One of the things I mentioned that I did in the past was phishing email tests, right? Even now, one of the major threat vectors for any breach is the human aspect of it, meaning phishing emails, leaked credentials, your users are choosing really easy passwords, they're repeating their passwords, right? And if we educate the users, I think at least the first step of getting a data breach reduces greatly. So I would rate that as a five.
Host: Yeah. Yeah. And I agree with you. Like often folks talk about humans as the weakest link. And even though we don't like it, that's often true, right? Most of the attacks that we see are like human mistakes, whether in like, I'm not saying it is intentional, but mistakes made by humans, right? So yeah, understood.
The last one is, development regularly test an incident response plan so that you can quickly detect, respond, and recover from security incidents.
Kailash: Yeah, I think I would give this as a four. I think it's still extremely important to do this. Some of the compliance frameworks even call out that you have to do tabletop exercises on a periodic basis. One of the accounts that I used to follow on Twitter, was just about tabletop exercises, right? A lot of them had having to do with interns, but yeah, Twitter can be a very helpful and useful resource for you, by the way, on incident response scenarios and tabletop exercises.
But yeah, I would give that as a four. You want to make sure that there are playbooks, there are workflows, there's automation built in for at least some of the easy targets with incident response remediations. But even if it's something bigger, you want to have, okay, so if there's actually a data breach, there needs to be a plan. Who's going to take watch shift? Who is going to be working 12 hours on a particular day? We need to have that plan built up so that if there is such a situation, you have a playbook for it at least.
Host: Yeah. Otherwise you'll be scrambling at the last minute, right? While you are being, let's say, attacked, you're still trying to figure out whom to call so that they will come and do the analysis and stuff like that. Yeah. Having that playbook would definitely help. So before we end the episode, there's one last question that I would like to ask is, do you have any recommendation for our audience? It can be a blog or a book or a podcast or anything.

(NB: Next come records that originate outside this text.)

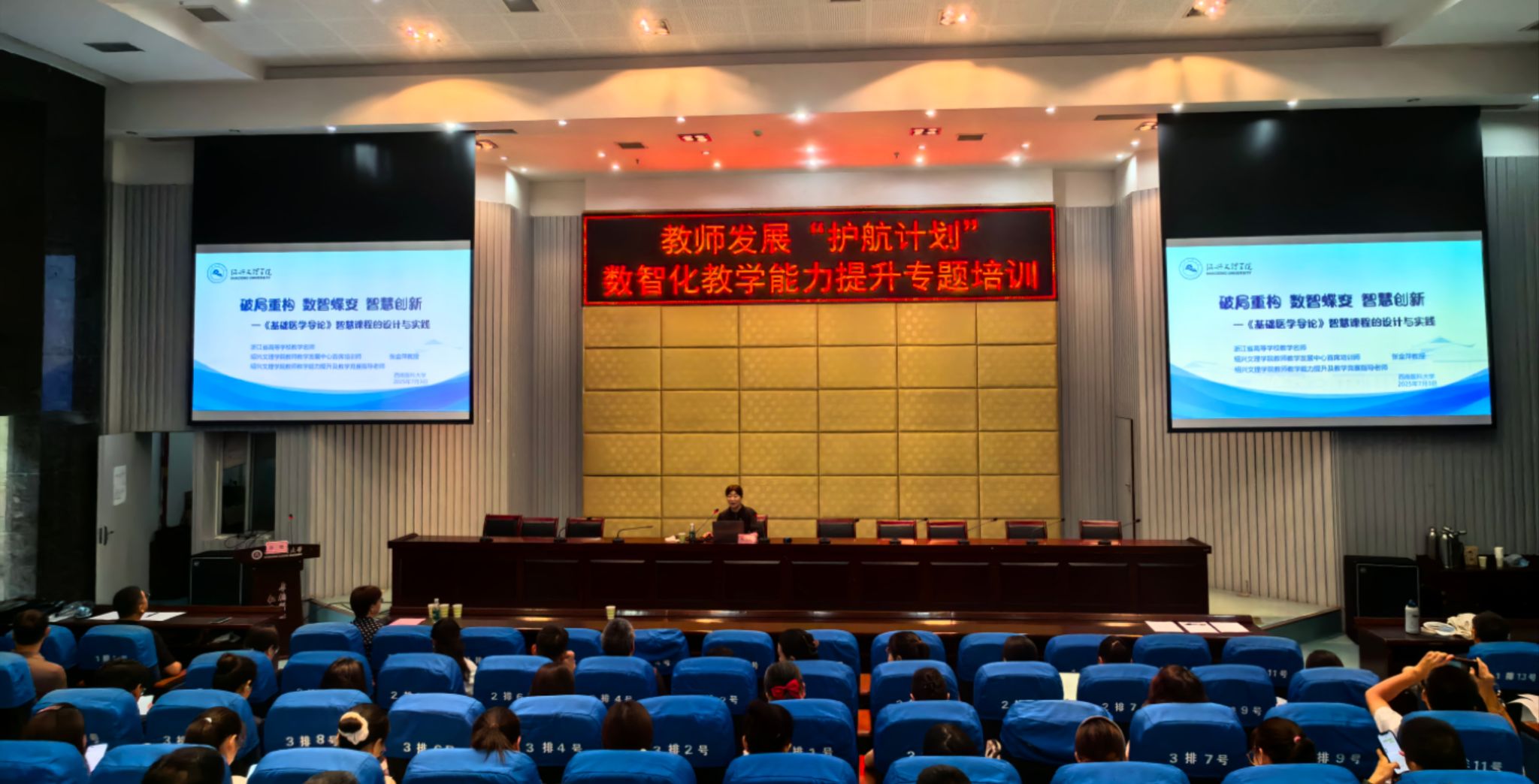 为深入推进教育教学数字化转型,提升教师智慧教学能力,7月3日,学校教育评价与教师发展中心启动教师发展“护航计划”,开展“教师数智化教学能力提升专题培训”。活动采用线上线下结合模式,200余名各院系教师代表现场参培,全校教师及基地医院线上观看直播。
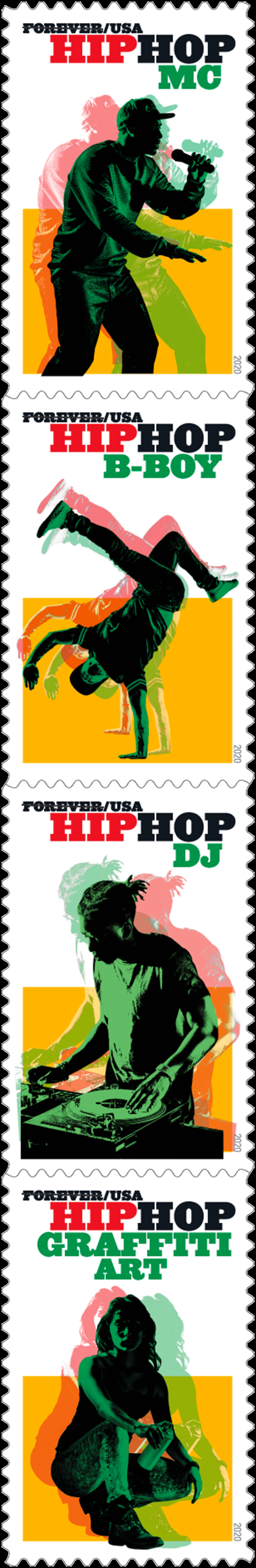 2020年7月1日,美国邮政发行一套四枚《嘻哈艺术》邮票。嘻哈艺术是一种源自非洲原始部落的流行文化。它首先在纽约市市区的非裔及拉丁裔青年之间兴起,继而发展壮大,并席卷全球。这四枚邮票展示了嘻哈文化的四个主要组成部分:说唱、DJ、涂鸦和霹雳舞。
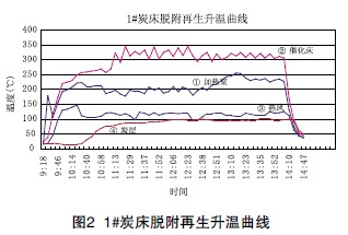 (4)在脫附再生操作的后期,由于VOCs濃度大幅減少,催化床的溫度必須重新依靠電加熱來維持,這樣催化床的升溫曲線上有明顯的“拐點”,提示活性炭的再生已完成,無需依靠監測分析手段,非常直觀、可靠。
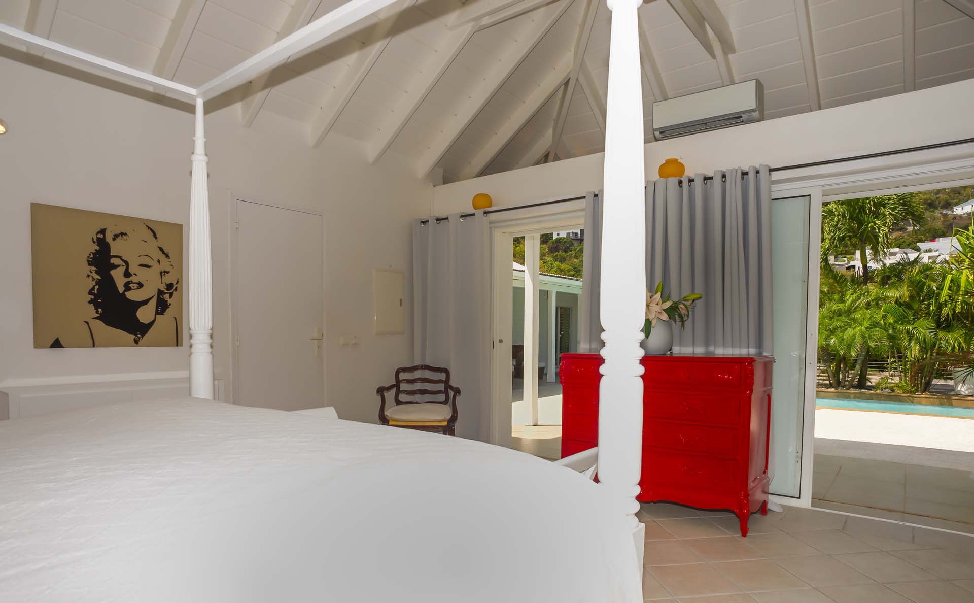 La villa de plain-pied est ouverte sur une grande terrasse et une piscine donnant sur la baie de Flamands.
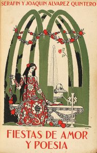 1910. (RUSTICA ILUSTRADA). ALVAREZ QUINTERO, SERAFIN Y JOAQUIN: FIESTAS DE AMOR Y POESIA. Barcelona: Ed. Manuel Marín, s.a. 8º. 128 p. fileteadas en rojo. Enc. en media piel con faltas en el lomo. Conserva la rústica original ilustrada por Triadó.
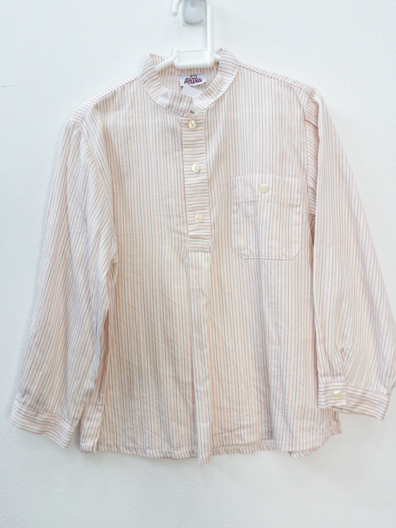 camisa rayas salmon y cafes
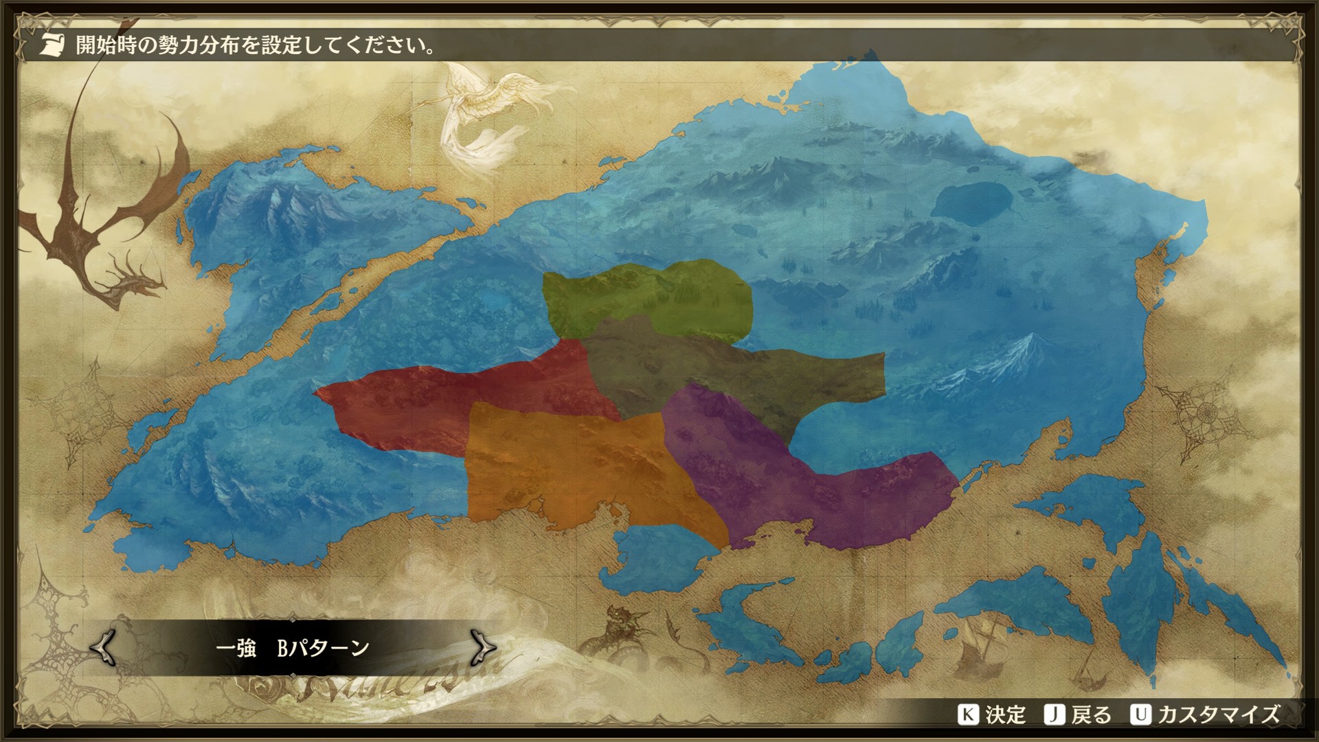 6つの勢力のいずれかを選び、史書『ルーナジア戦記』の記憶を辿りながら、ルーナジア大陸の統一を目指すモードです。
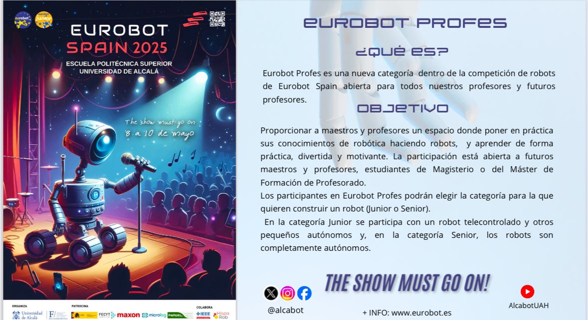 Como novedad destacada, este año se incorpora la categoría Eurobot Profes, diseñada para docentes que desean participar junto a sus estudiantes. Esta modalidad les permite formarse previamente en aspectos técnicos, promoviendo el trabajo conjunto entre profesorado y alumnado en proyectos reales de robótica.
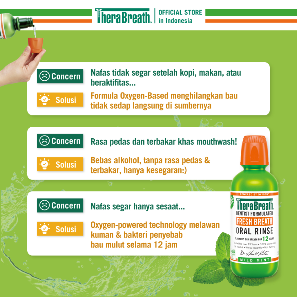 TheraBreath Dentist Formulated Fresh Breath Oral Rinse - Mild Mint 1L TWINPACK
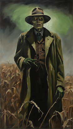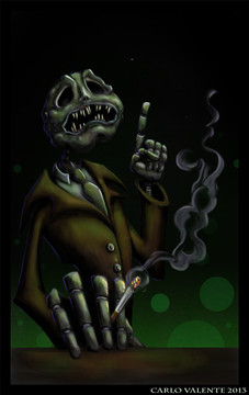 He looks as if he's imagining something very pleasing. I like the contrast between his expression and the mood of the picture.
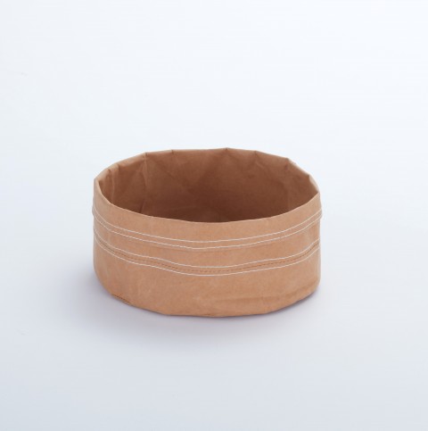 Kraft Bag, 7" dia. x 4" H, foldable rim, machine washable, reusable, khaki, paper bag
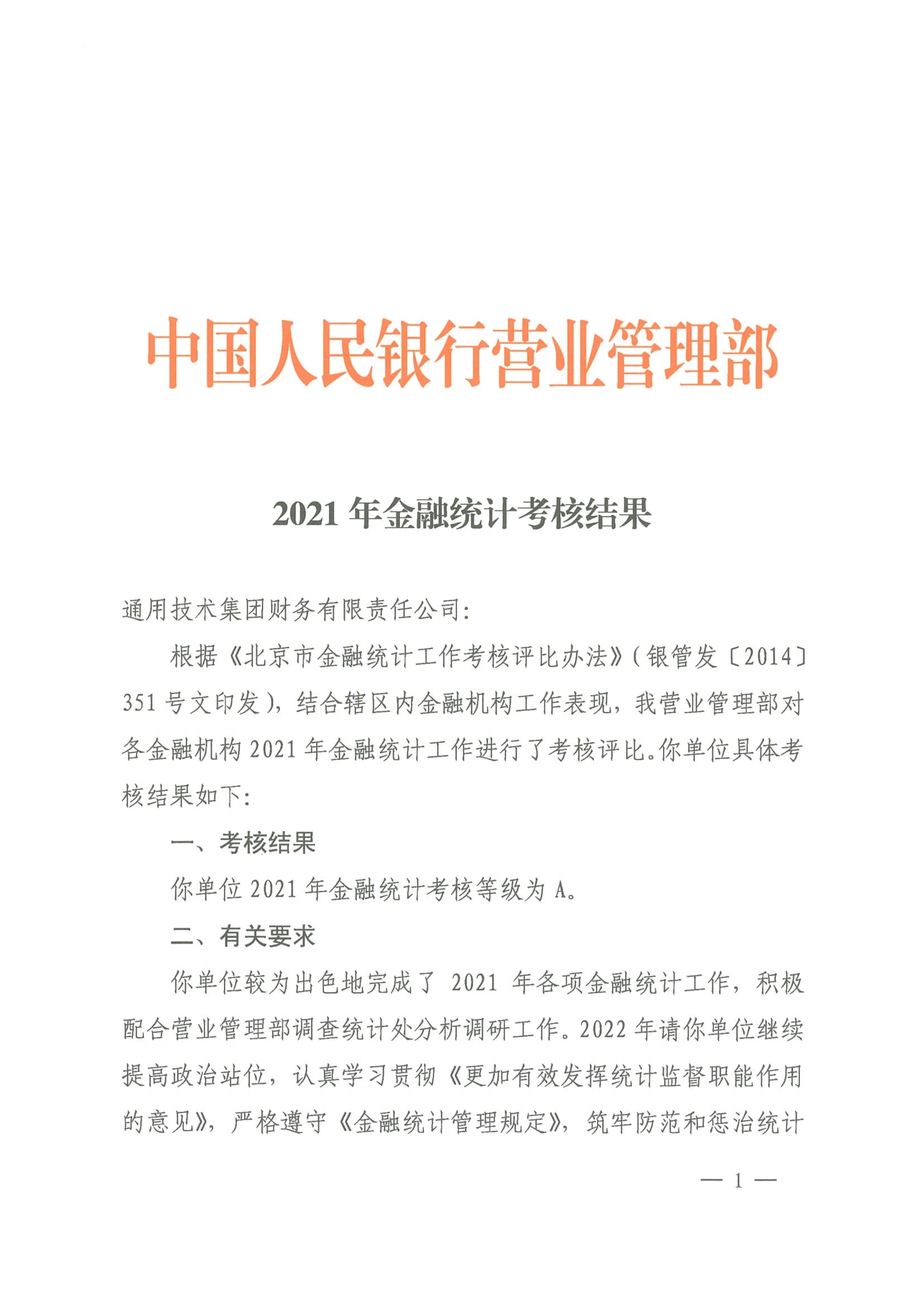 根据《北京市金融统计工作考核评比办法》(银管发〔2014〕351号),结合辖区内金融机构工作表现,人民银行营业管理部每年对辖内各金融机构的金融统计工作进行公开考核评比。2021年,通用技术财务公司金融统计考核等级评为A级,为考核评比的最高级别,这也是财务公司时隔四年再次获此殊荣。

Kailash: Okay. I think so far I have talked about two things, one, Twitter being a major source of what I follow for some of my security. Well, Twitter used to be, now I think some of the accounts I follow are no longer that active.
But podcast, I listen to Darknet diaries, I really enjoy that. I think the way the podcast is done is very story-type, right? So you're not just looking at the technicals, but… the background and how actually the board was the effects of security reach or implication, right? So it's very good. Even when I'm in the gym working out, I sometimes listen to Darknet diaries because it's very playful and it's a good, yeah. So yeah, definitely Darknet Diaries is the code book which I mentioned in the past. I think that's a good book to read for security professionals. I mean, there's so many books and Twitter also just to keep up with what's happening within the security world.
Host: Okay. Yeah. Thank you for sharing that. So yeah, that brings us to the end of the episode. Thank you so much, Kailash, for joining and sharing your knowledge and learnings with our audience.
Kailash: Thank you. It was my honor to be on this podcast and yeah, hope to remain in touch and thank you. Appreciate it again.
Host: Absolutely. Thank you for coming. And to our audience, thank you so much for watching. See you in the next episode.